# AI-News Extraction

This pipeline is part of the AI-Hub SharePoint Automation project, which tries to automate the most repetitive tasks such as manually adding new AI events and AI News.

This pipeline was previously developed in PowerAutomate using an RSS connector, which retrieves data from RSS links, which contains the next information:

- Title
- Publish date
- Link to news
- Link to image

To generate this rss links from normal website's urls, an external platform was being used. Nevertheless, it is required to replace them to avoid extra charges.

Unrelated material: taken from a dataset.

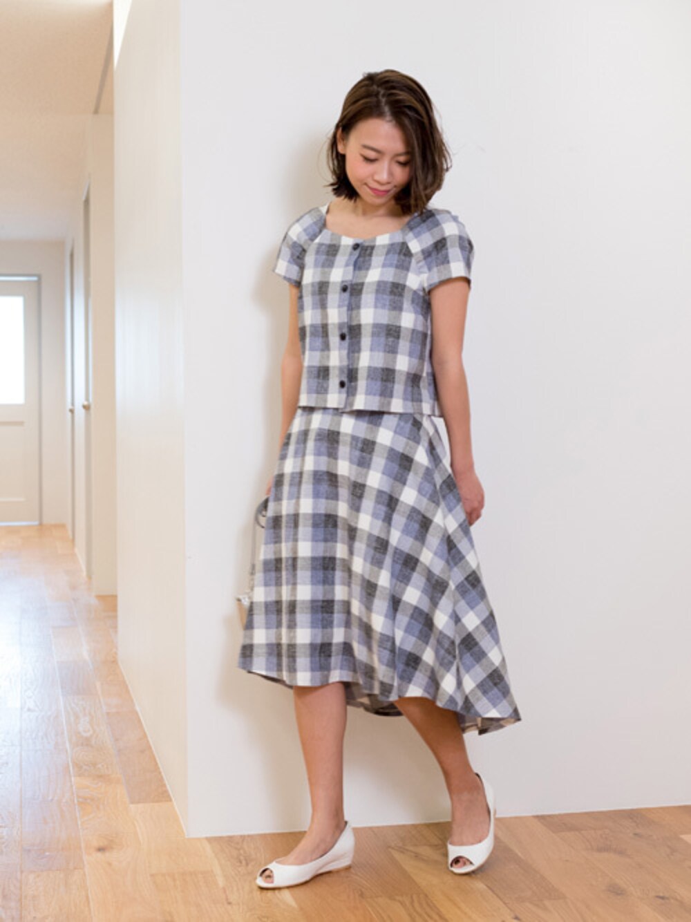 印象的なブロックチェックの短丈トップス&イレヘムラインのフレアスカート。セットであわせてワンピースライクに仕上げて。好感度の白小物で上品なおでかけスタイルに。

This notebook replaces the external platform, allowing website's urls to be used to extract the required information. The information obtained will be (temporary) stored in OneDrive thanks to the sync of a local folder to OneDrive. Nevertheless, at the moment of writing this notebook, an approval is in process to use Microsoft Graph and store the data obtained directly into a SharePoint list

## Full AI-News Extaction Pipeline -> Currently active in PowerAutomate

1. Extract AI news from different sources ([MIT](https://web.mit.edu/) and [AINEWS](https://www.artificialintelligence-news.com/)) using a RSS connector

2. Clean the data obtained from the news: 

    - Format dates and titles to allow SharePoint to correctly read them
    - Filter the news from keywords in their title (e.g. AI, ChatGPT, Gemini, LLMs)
    - Filter the news by date and returns those which publish date is from the last 2 days
    
3. Checks if the news obtained are already stored in a SharePoint list. If so, discard them, otherwise, store them into the SharePoint list

## New (temporal) Pipeline Proposed

1. Using PowerAutomate, trigger an email to the AI-Hub SharePoint owner to execute this notebook (further, python script), and waits until an excel file is updated to continue. Meanwhile, the following steps are executed.

2. Extract AI news from different sources using Python (currently, the only source available is [AINEWS](https://www.artificialintelligence-news.com/))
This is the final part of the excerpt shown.